I must request the hon. Gentleman to confine himself to Ireland.

MR. CROSS

said, he understood it was an important condition of the Government's scheme that there should be nothing in this Bill which was not capable of being extended to Scotland. [Cries of "Question!" and "Order!"] The Prime Minister, speaking in Edinburgh in 1892, said that no principle should be laid down for Ireland—[Interruption]—which could not be admitted for Scotland if she should desire it. As it stood, the clause was not one that the Government would propose for Scotland. [Cries of "Question!" and interruption.]

THE CHAIRMAN

I have already pointed out to the hon.
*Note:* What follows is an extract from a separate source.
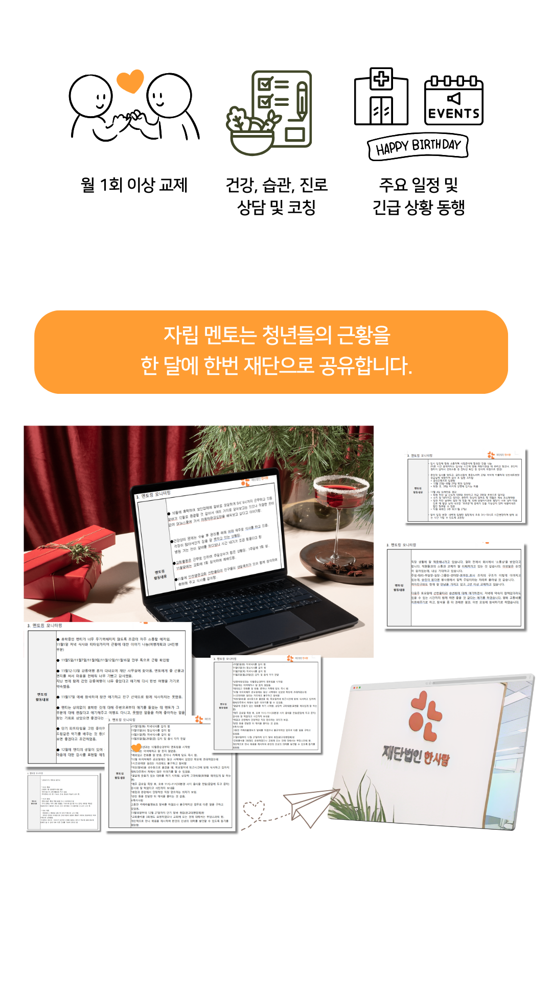 청년 한 사람의 곁에서 삶을 나누고 필요한 도움을 함께 찾아가는 따뜻한 동행입니다.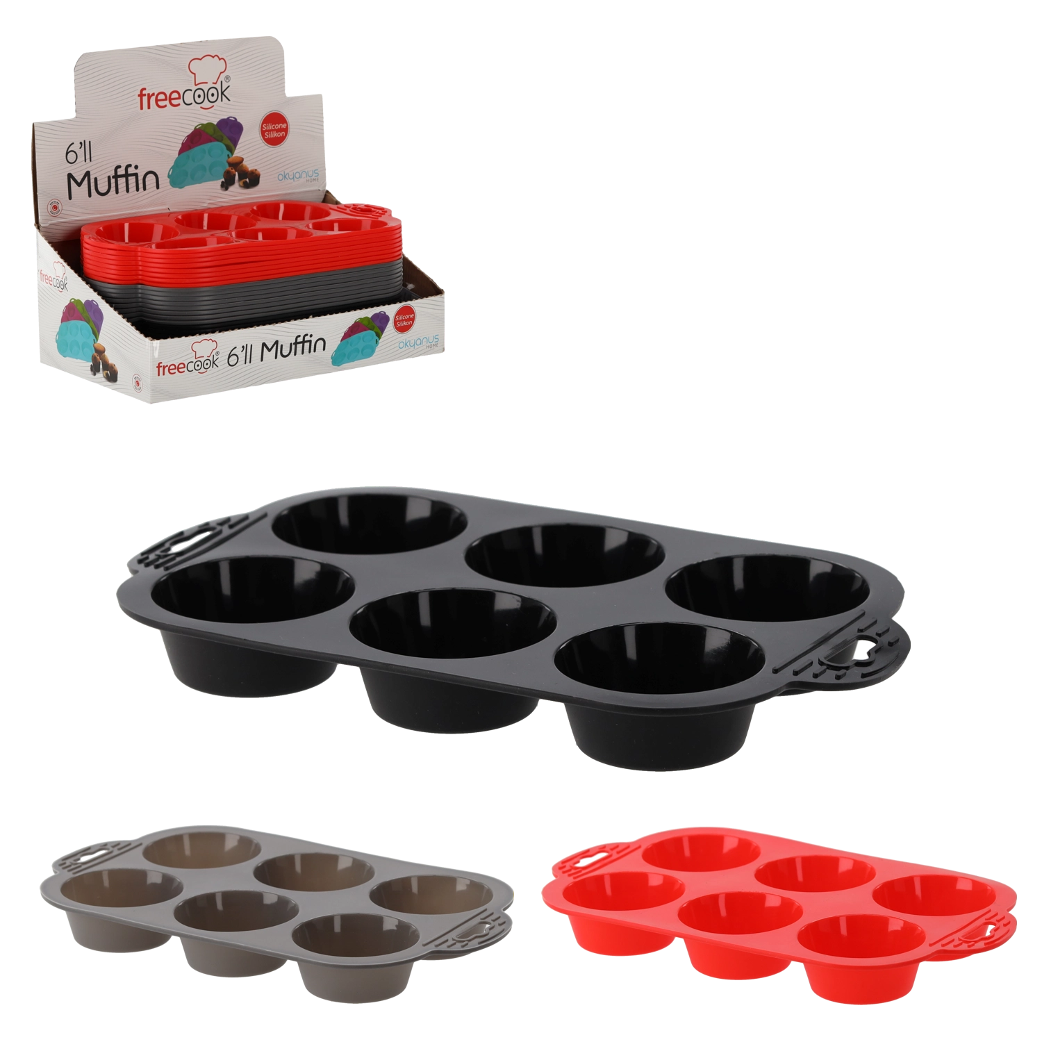 - Silikonski pekač za mafine s 6 vdolbinami in stranskimi ročaji

Member that this is a measure for Ireland and not for Scotland. The question is entirely distinct from Scotch Home Rule at the present moment.

MR. CROSS

said, he bowed to the Chairman's ruling, of course. [Laughter.] Hon. Members below the Gangway opposite laughed because he bowed to the Chairman's ruling. He should postpone the consideration of his argument as to how the clause might affect Scotland; but he gave the Government fair warning that he should not fail to watch every clause in the Bill and criticise it if it were a clause which might one day be applied to Scotland, and other Scotch Members would not be justified in taking any other course. He would admit that if the Government intended to make Ireland a nation then the proposal was petty and insignificant; but he would remind them that if that was their intention, then their own proposals were petty and insignificant. He understood what was meant by the liberty and freedom of a nation; and he was greatly mistaken if any nation, worthy to be called a nation, would submit to the conditions laid down in the Bill. If, on the other hand, the Government did not intend to make Ireland a nation, but to delegate to Ireland subordinate powers, he respectfully submitted to them that the course they had adopted was not a course likely to realise wise and prudent calculations. He would admit the time must come when a delegation of powers must take place from that House to Local Bodies. He asked those hon. Gentlemen who led the Liberal Party whether their course would not be wiser and better—[Cries of "Question!" and interruption.] He was entitled to his opinion as to the manner in which the Liberal Party had been conducted of late years. [Interruptions.] Although he was a young Member of the House, he had worked for the Liberal Party for many years; and he had been in the secrets of the Liberal Party. He was entitled to an opinion in the matter, and he asserted that the Government had not gone into this question of Home Rule in accordance with the traditions of the Liberal Party. [Cries of "Question!"]

THE CHAIRMAN

I really must call the attention of the hon. Member to the Amendment which he is moving.

MR. CROSS

, resuming, submitted that his Amendment was a step in the right direction, and he hoped that Unionist Members would see their way to support it, on the broad plea that devolution of some sort was becoming inevitable. He hoped, also, that some of the hon. Gentlemen who supported the Government would also vote for it. One hon. Member, at least, was committed to his proposal. ["Question!"] He alluded to the hon. Member for Rossendale, who, in common with many other Gladstonian candidates, drew attention to the anomalies to which he (Mr. Cross) had referred, and justified their support of the scheme of the right hon. Member for Midlothian by conveying to the minds of the electors that the Home Rule which they proposed for Ireland was practically simply the giving of powers to deal with such matters as he had referred to in his Amendment, which he now begged to move.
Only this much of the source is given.